__Problem details__:
Each entry below is to be reproduced exactly, though any pictures it holds must be omitted.

__Input data__:

*** Begin section ***

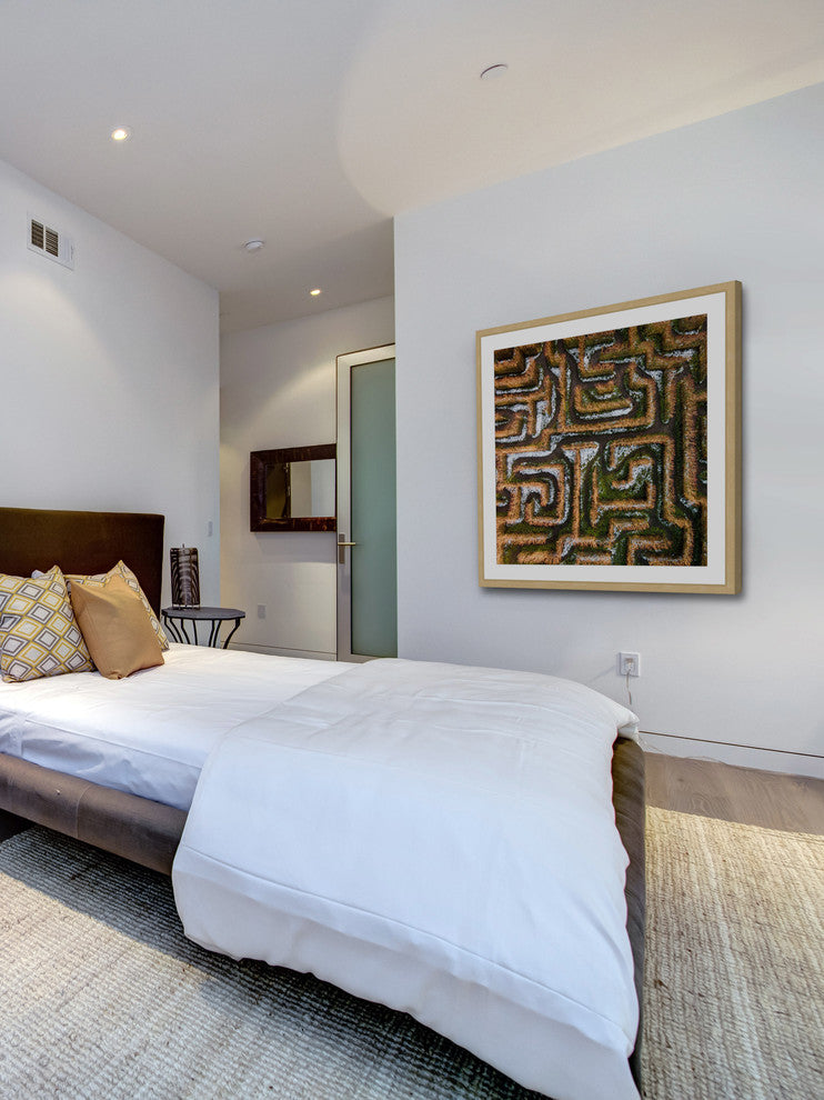 "Earth Maze" Framed Print by Karolis Janulis features vivid tones and supple artistry. Mounted in a gorgeous frame, this 12 inch wide by 12 inch tall piece will be an exceptional addition to any room. Top quality Giclee print on high resolution Archive Paper Artwork by Karolis Janulis Professionally framed and mounted on acid free archive matte High quality durable non-warping frame Arrives ready to hang Includes a certificate of authenticity Made in the USA
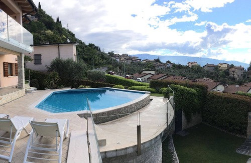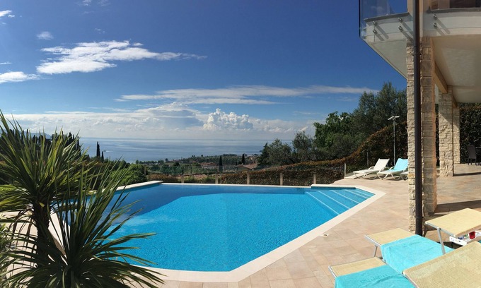 - Modern vacation apartment with fantastic lake view, terrace, balcony & infinity pool
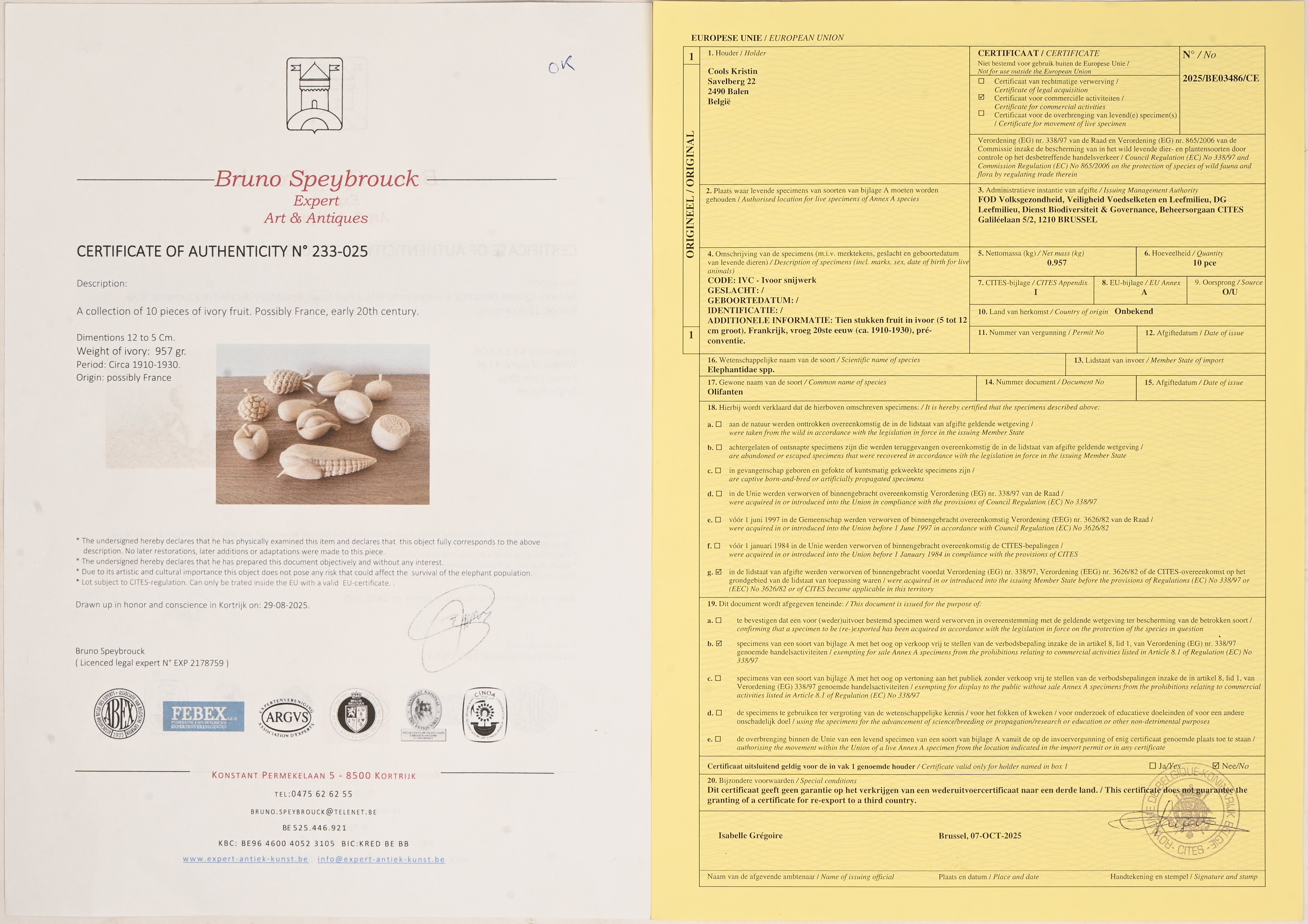 Een verzamelingen vruchten van gebeeldhouwd ivoor. 10 stuks. Met Citestattest.
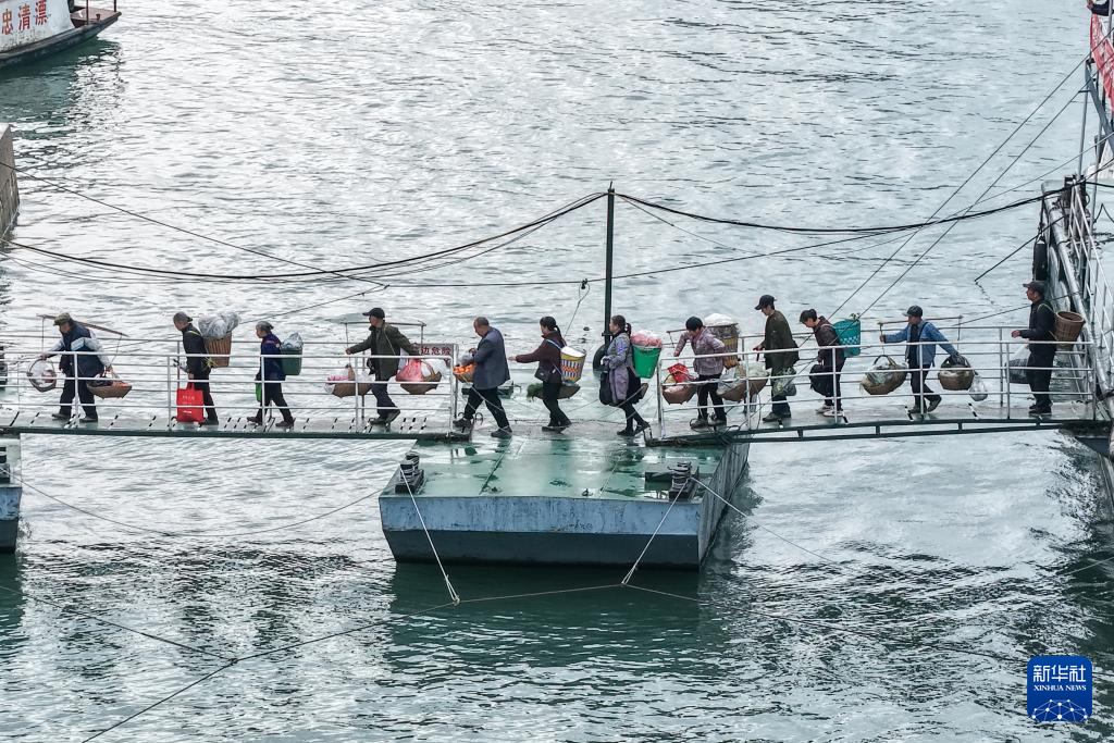 3月31日,“新渝忠客2180”客轮抵达忠县县城后,菜农下船前往集市售卖农特产品(无人机照片)。
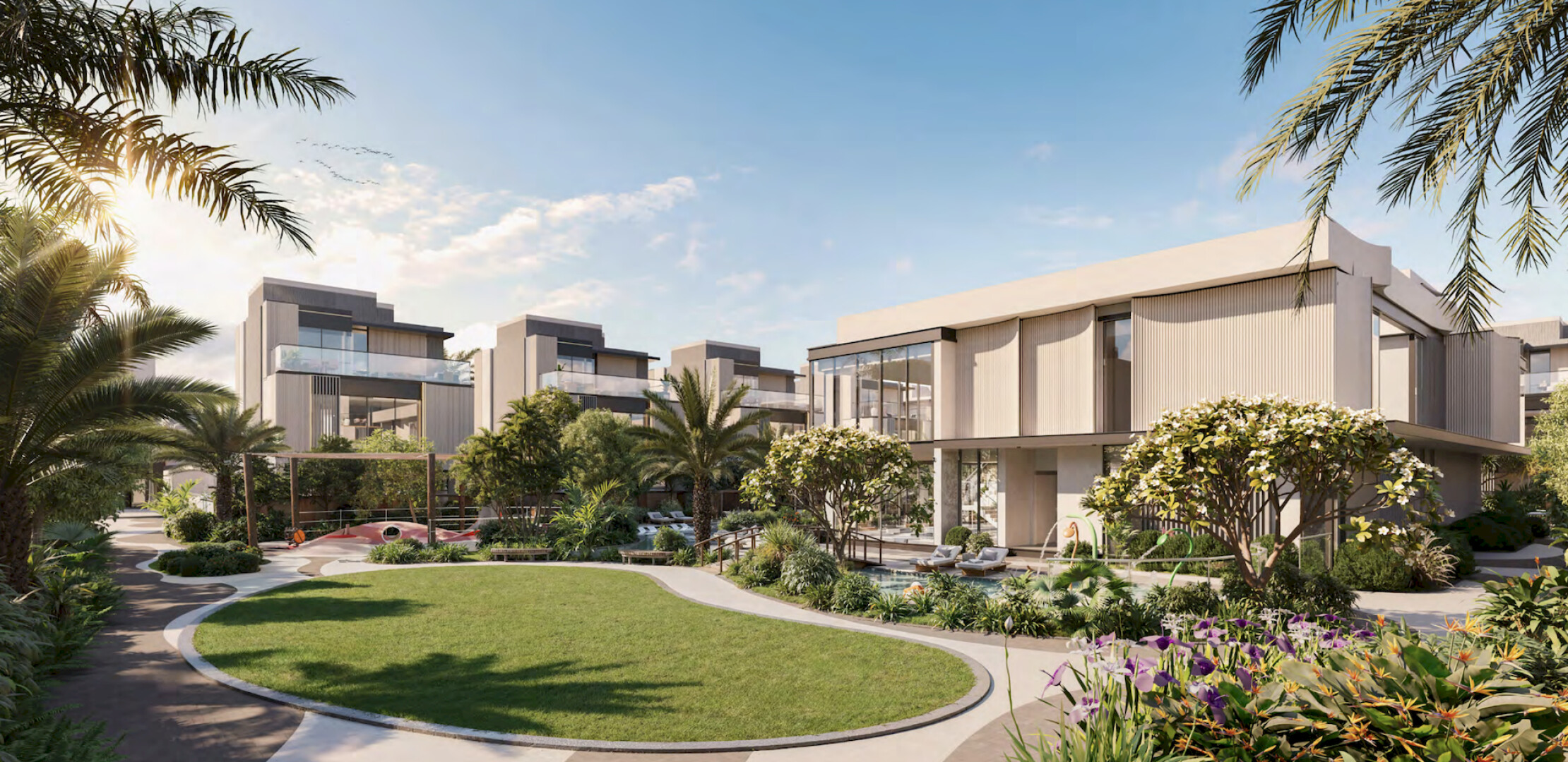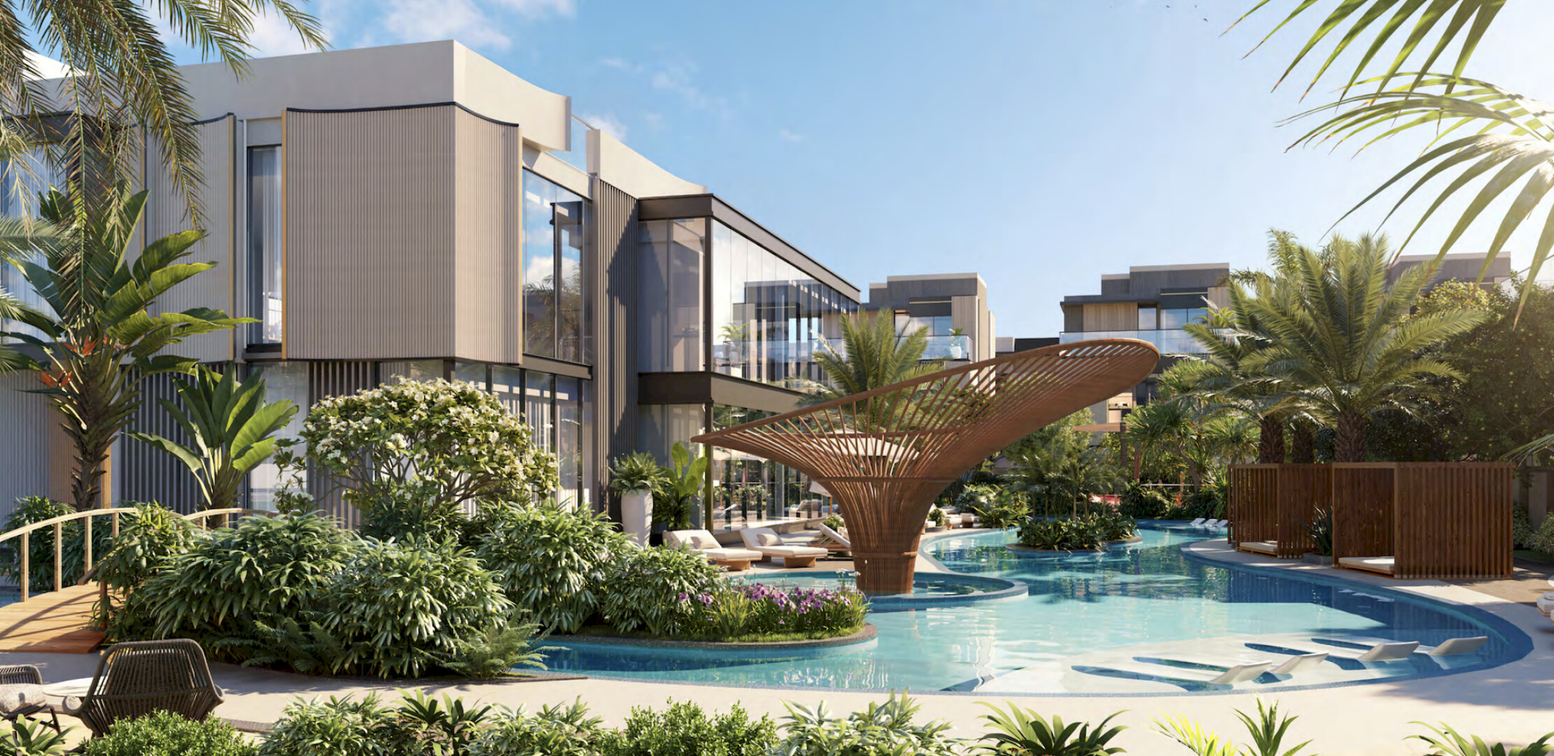 The Watercrest — это элитный жилой комплекс, расположенный в эксклюзивном районе Mohammed Bin Rashid City. Проект сочетает в себе современный дизайн, гармонию с природой и высокий уровень комфорта. Комплекс включает виллы и таунхаусы, окруженные lush walled garden с искусственной рекой, создающей атмосферу уединенного оазиса. Удобства включают фитнес-центр, спа-зону, детский клуб, зоны для отдыха и развлечений, а также безопасные пешеходные дорожки. The Watercrest идеально подходит для семей, ценящих спокойствие и близость к природе, но при этом желающих оставаться в центре событий Дубая.

*** End section ***

__Solution__:
 "Earth Maze" Framed Print by Karolis Janulis features vivid tones and supple artistry. Mounted in a gorgeous frame, this 12 inch wide by 12 inch tall piece will be an exceptional addition to any room. Top quality Giclee print on high resolution Archive Paper Artwork by Karolis Janulis Professionally framed and mounted on acid free archive matte High quality durable non-warping frame Arrives ready to hang Includes a certificate of authenticity Made in the USA
 - Modern vacation apartment with fantastic lake view, terrace, balcony & infinity pool
 Een verzamelingen vruchten van gebeeldhouwd ivoor. 10 stuks. Met Citestattest.
 3月31日,“新渝忠客2180”客轮抵达忠县县城后,菜农下船前往集市售卖农特产品(无人机照片)。
 The Watercrest — это элитный жилой комплекс, расположенный в эксклюзивном районе Mohammed Bin Rashid City. Проект сочетает в себе современный дизайн, гармонию с природой и высокий уровень комфорта. Комплекс включает виллы и таунхаусы, окруженные lush walled garden с искусственной рекой, создающей атмосферу уединенного оазиса. Удобства включают фитнес-центр, спа-зону, детский клуб, зоны для отдыха и развлечений, а также безопасные пешеходные дорожки. The Watercrest идеально подходит для семей, ценящих спокойствие и близость к природе, но при этом желающих оставаться в центре событий Дубая.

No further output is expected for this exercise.